#### [EXERCISE DIRECTIONS]
Reproduce the records precisely. Omit every picture.

(Data excerpts)
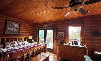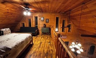 Suited for gatherings of all types, visiting the Bourbon Trail, The Ark and Creation Museum, church group retreats, weddings, girlfriend getaways, wildlife viewing and more. We offer a luxuriously appointed log cabin fitted with leather furniture, hand peeled log beds and furnishings, game/book/dvd library, trails, stocked fishing pond and much more.
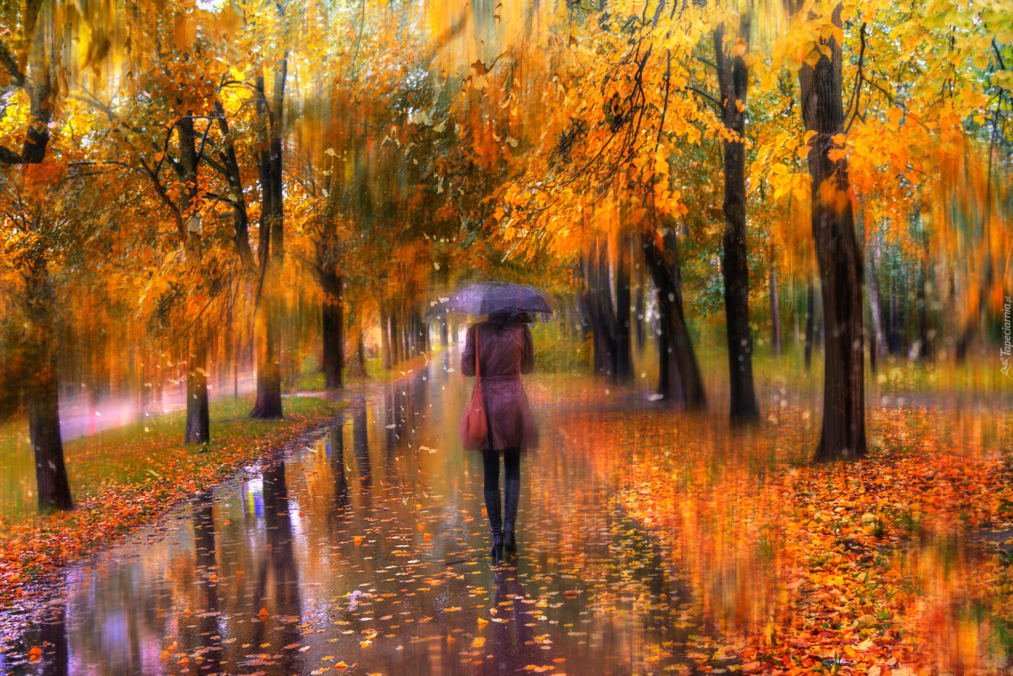 Edytor tapety: Spacer w deszczu
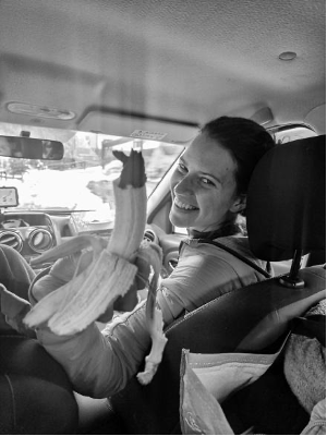 Mais le week-end touche déjà à sa fin. Heureusement on a la banane choco qui nous attend dans la voiture pour nous réconforter.
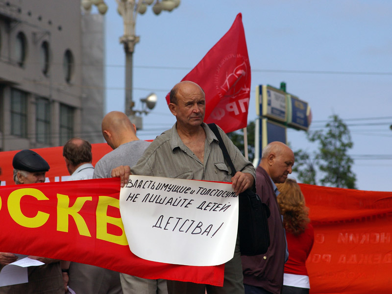 Любому желающему выступить по вопросам детского образования и воспитания предоставлялось слово на свободной трибуне. В центре митинга была развернута растяжка: "Защитим детей - спасем Россию!". Около нее в цепочку выстроились школьники в атрибутике КПРФ и боксерских перчатках. Они представляли детскую секцию, которую опекает КПРФ. Напомнив о детских кружках в СССР, молодые боксеры принялись энергично изображать поединки прямо перед митингующими. Старшее поколение подбадривало их криками "Молодец!"
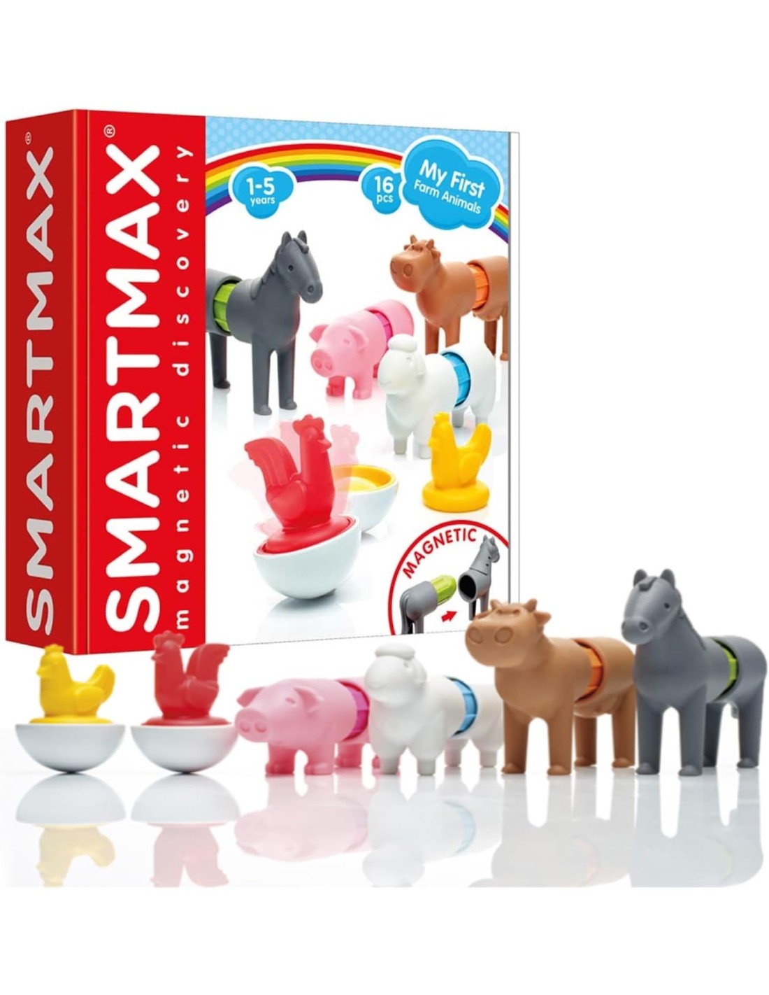 Vivi il primo fascino del magnetismo in modo giocoso con la prima fattoria. Creazioni di animali più divertenti. 16 pezzi. A partire da 1 anno.
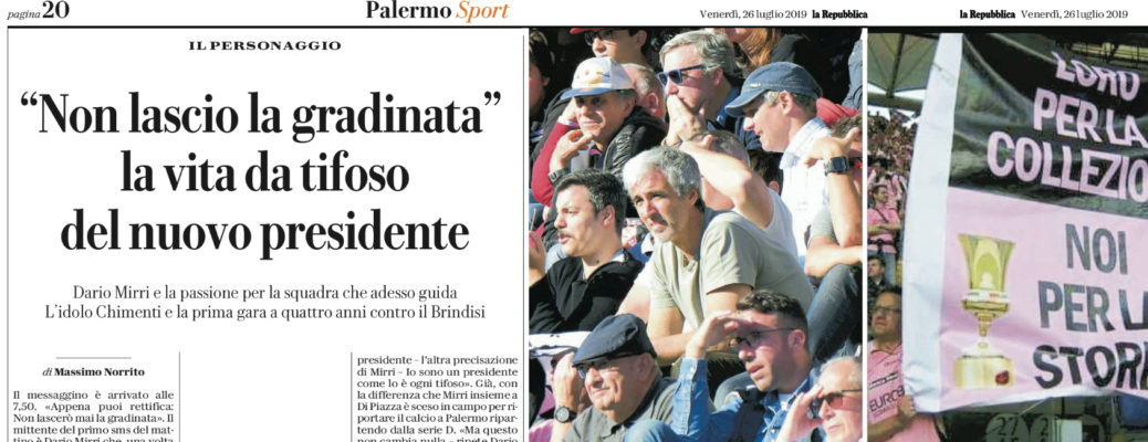 L’edizione odierna de “La Repubblica” riporta un messaggio scritto ed inviato da Mirri, tiene a rettificare quanto scritto dallo stesso quotidiano il quale diceva che adesso lascerà il suo posto in gradinata per trasferirsi in Tribuna d’onore: «Appena puoi rettifica: Non lascerò mai la gradinata». Questo quanto scritto da Mirri al giornalista. Fila 20, posto 19: quello è da sempre il suo posto in gradinata e da quel posto lui non si vuole muovere. Nemmeno adesso che il Palermo è suo – scrive questo il quotidiano, che di seguito riporta altre parole del nuovo proprietario rosanero: «Ma io non sono il presidente – l’altra precisazione di Mirri – Io sono un presidente come lo è ogni tifoso. Non lascerei mai il mio posto da tifoso. Io resto un tifoso (ma non certo il primo) poi un presidente esattamente come lo devono essere tutti i tifosi i veri proprietari autentici ed eterni del nostro Palermo».

#### [EXERCISE OUTPUT]
 Suited for gatherings of all types, visiting the Bourbon Trail, The Ark and Creation Museum, church group retreats, weddings, girlfriend getaways, wildlife viewing and more. We offer a luxuriously appointed log cabin fitted with leather furniture, hand peeled log beds and furnishings, game/book/dvd library, trails, stocked fishing pond and much more.
 Edytor tapety: Spacer w deszczu
 Mais le week-end touche déjà à sa fin. Heureusement on a la banane choco qui nous attend dans la voiture pour nous réconforter.
 Любому желающему выступить по вопросам детского образования и воспитания предоставлялось слово на свободной трибуне. В центре митинга была развернута растяжка: "Защитим детей - спасем Россию!". Около нее в цепочку выстроились школьники в атрибутике КПРФ и боксерских перчатках. Они представляли детскую секцию, которую опекает КПРФ. Напомнив о детских кружках в СССР, молодые боксеры принялись энергично изображать поединки прямо перед митингующими. Старшее поколение подбадривало их криками "Молодец!"
 Vivi il primo fascino del magnetismo in modo giocoso con la prima fattoria. Creazioni di animali più divertenti. 16 pezzi. A partire da 1 anno.
 L’edizione odierna de “La Repubblica” riporta un messaggio scritto ed inviato da Mirri, tiene a rettificare quanto scritto dallo stesso quotidiano il quale diceva che adesso lascerà il suo posto in gradinata per trasferirsi in Tribuna d’onore: «Appena puoi rettifica: Non lascerò mai la gradinata». Questo quanto scritto da Mirri al giornalista. Fila 20, posto 19: quello è da sempre il suo posto in gradinata e da quel posto lui non si vuole muovere. Nemmeno adesso che il Palermo è suo – scrive questo il quotidiano, che di seguito riporta altre parole del nuovo proprietario rosanero: «Ma io non sono il presidente – l’altra precisazione di Mirri – Io sono un presidente come lo è ogni tifoso. Non lascerei mai il mio posto da tifoso. Io resto un tifoso (ma non certo il primo) poi un presidente esattamente come lo devono essere tutti i tifosi i veri proprietari autentici ed eterni del nostro Palermo».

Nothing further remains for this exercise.